On the Impact of Class Imbalance on the Learning Dynamics of Deep Neural Networks:An Intuitive Insight
Pith reviewed 2026-06-30 12:15 UTC · model grok-4.3
The pith
Class imbalance drives deep neural networks to underfit minority classes early in training while producing non-generalizable representations later.
A machine-rendered reading of the paper's core claim, the machinery that carries it, and where it could break.
Core claim
Experimental monitoring of DNN learning patterns shows that class imbalance has a severe deteriorating impact, driving the model to underfit the minority class samples in the early training epochs while simultaneously learning only the majority class. Although DNN ultimately learns the minority samples, learning in this manner only results in learnt minority representations that are non-generalizable at test phase because they are merely overfitted to keep the overall training loss as low as possible.
What carries the argument
Systematic monitoring of learning patterns on majority versus minority classes in datasets with controlled varying imbalance ratios.
If this is right
- DNNs on imbalanced data will exhibit delayed and ineffective learning of minority classes compared to balanced cases.
- Minority class representations learned under imbalance will show poor test-phase generalization due to loss-driven overfitting rather than pattern capture.
- Standard training without imbalance correction will preferentially acquire majority class knowledge first.
- Imbalance-handling methods must target both the initial underfitting and the subsequent non-generalizable fitting of minority samples.
Where Pith is reading between the lines
- Imbalance-correction techniques may need to act in the earliest epochs to prevent the initial underfitting phase.
- The pattern could be tested on additional model architectures or domains to check if the dynamics are architecture-specific.
- Controlling for dataset size and feature properties in follow-up experiments would strengthen attribution to imbalance alone.
Load-bearing premise
Differences in learning patterns across datasets can be attributed primarily to class imbalance rather than to other factors such as dataset size, feature distributions, or hyperparameter choices.
What would settle it
A controlled experiment showing that minority-class test accuracy remains high and matches training accuracy on imbalanced data without any rebalancing technique would contradict the claim of non-generalizable overfitting.
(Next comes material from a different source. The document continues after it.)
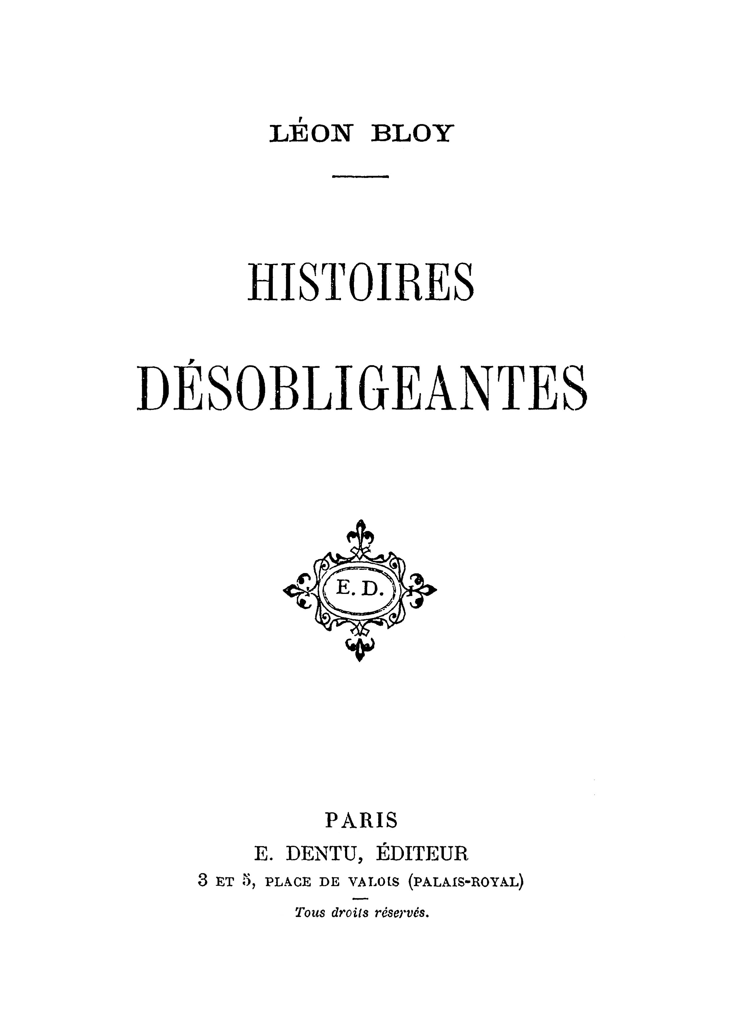 Title page of Histoires Désobligeantes (1894) by Léon Bloy. Cleaned from high-res output of Gallica page scan by Yodin.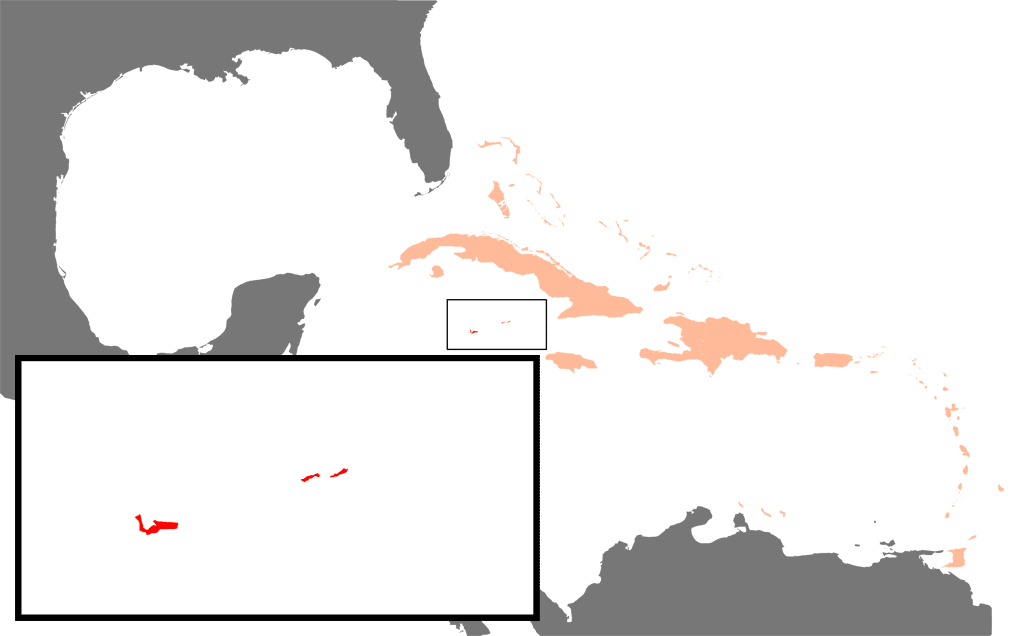 Position of Cayman Islands in the Caribbean

read the original abstract
Class imbalance in deep neural networks (DNNs) has witnessed a rapid increase in research attention in recent years. However, the varying accounts of the reasons behind the poor performance of DNN on imbalance data in pertinent literature shows that little is known about how this agelong phenomenon impacts the performance of DNNs. A better understanding of this problem is crucial to developing effective DNN-based imbalance methods. Thus, this study systematically investigates the impact of class imbalance on the learning dynamics of DNN by monitoring the learning pattern of DNN models on both the majority and minority classes of datasets of varying imbalance ratios. Experimental findings shows that as against learning from balanced datasets where DNN learns the classes similarly, class imbalance has severe deteriorating impact on the performance of DNN, driving the model to underfit the minority class samples in the early training epochs while simultaneously learning only the majority class. Although DNN ultimately learns the minority samples, learning in this manner only results in learnt minority representations that are non-generalizable at test phase because they are merely overfitted to keep the overall training loss as low as possible.
Editorial analysis
A structured set of objections, weighed in public.
Referee Report
Summary. The manuscript claims that class imbalance severely deteriorates DNN performance by driving the model to underfit minority-class samples in early training epochs while learning only the majority class. Although the network eventually learns the minority samples, the resulting representations are non-generalizable at test time because they are merely overfitted to minimize overall training loss. This contrasts with balanced datasets, where classes are learned similarly. The investigation relies on monitoring per-class learning patterns across datasets with varying imbalance ratios.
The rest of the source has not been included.